Wartościowo sprzedaż elektroniki jest tylko minimalnie wyższa niż przed rokiem, co biorąc pod uwagę cyfrowe zwyżki cen, jest fatalnym wynikiem – wynika z najnowszych danych rynkowych GfK Polonia, obejmujących okres od października 2022 do kwietnia 2023 r.

Kiepsko jest także na rynku AGD, którego sprzedaż ogółem w tym okresie była niższa wartościowo aż o 7,6 proc., zatem ilościowo spadek będzie zdecydowanie dużo większy. Przy czym spadek trwa właściwie nieprzerwanie od sierpnia 2022 r., z lekkim, 1,8-proc. odbiciem w grudniu. W 2023 r. spadki są już dwucyfrowe, w styczniu wyniosły nawet ponad 14 proc.

– To efekt dużych zakupów sprzętu podczas pandemii, gospodarstwa domowe spełniły swoje cele zakupowe i to z nawiązką – mówi Wojciech Konecki, prezes APPLiA Polska, organizacji producentów AGD. – Spada także produkcja, co pokazuje, iż na innych rynkach europejskich sytuacja także jest trudna. Rynek jest rozregulowany i zupełnie nieprzewidywalny, trudno jest cokolwiek planować. Niestety, nie widać zbytniego optymizmu u producentów – dodaje Wojciech Konecki.

Grupa Amica w sprawozdaniu podała, że jej sprzedaż w Polsce w pierwszym kwartale tego roku skurczyła się aż o 25 proc. – W Polsce notujemy największe spadki, niestety, tracimy mocniej niż rynek. Pracujemy mocno nad ofertą, analizujemy sytuację, by poprawić w kolejnych kwartałach – mówi Michał Rakowski, członek zarządu Grupy Amica ds. finansowych i zasobów ludzkich.

– Aby rynek odżył i zmieniła się sytuacja popytowa, znacząco musi się zmienić sytuacja gospodarcza. O ile w drugim kwartale na rynkach, takich jak Francja, Niemcy czy Wielka Brytania, widzimy już poprawę sytuacji w maju, w Polsce spadki są nadal na poziomie z pierwszego kwartału – dodaje Michał Rakowski.

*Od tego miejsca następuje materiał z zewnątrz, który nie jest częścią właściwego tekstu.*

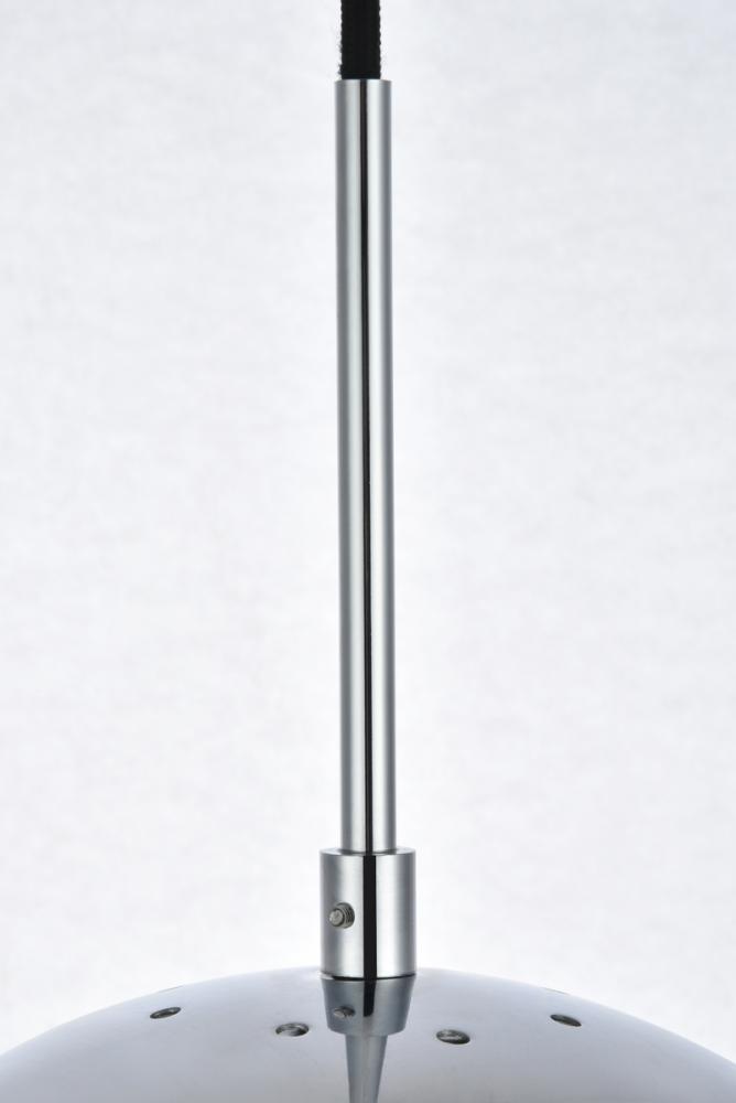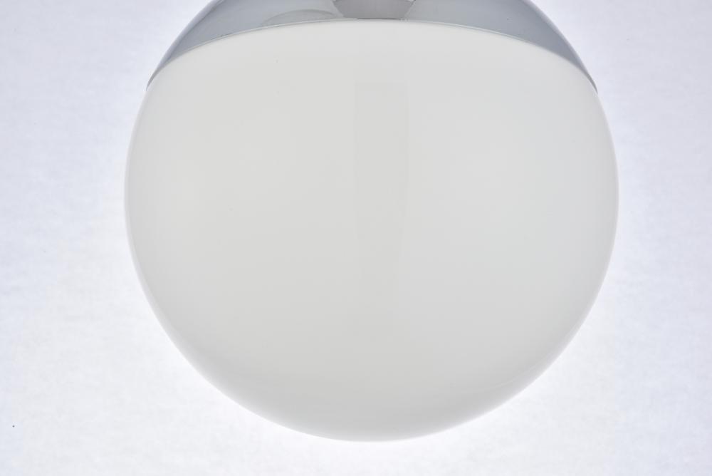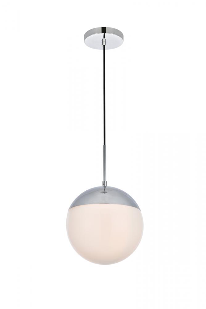 Refined style with a practical design, Eclipse hanging pendant lamps bring cosmopolitan sophistication anywhere, especially to an entryway, office, bathroom, bedroom, or kitchen. The smooth iron frame features a disk-shaped canopy and comes in a chrome finish. An adjustable black cord allows you to vary the hanging height from 18 to 65 inches. A touch of color on top of the frosted white spherical glass shade brings character to this classic style. Living in the big city has never been this easy.

– Sytuacja na rynku dóbr trwałych jasno pokazuje, jak gospodarstwa domowe oceniają swoją sytuację ekonomiczną. Ma to również związek z inflacją, ale nie ma wprost przełożenia. Jej wysokość na pewno zniechęca do kupowania w systemie ratalnym, co w przypadku różnych dóbr trwałych ma jednak spore znaczenie – mówi prof. Witold Orłowski, główny ekonomista PwC. – Ogólnie sytuacja w zakupach dóbr trwałych zmieni się dopiero, gdy zaczną rosnąć realne dochody gospodarstw domowych. A to wprost powiązania z wysokością inflacji już nie ma. Sytuacja gospodarcza zmienia się, natomiast kiedy to znajdzie przełożenie na wysokość wydatków, trudno jednoznacznie ocenić – dodaje.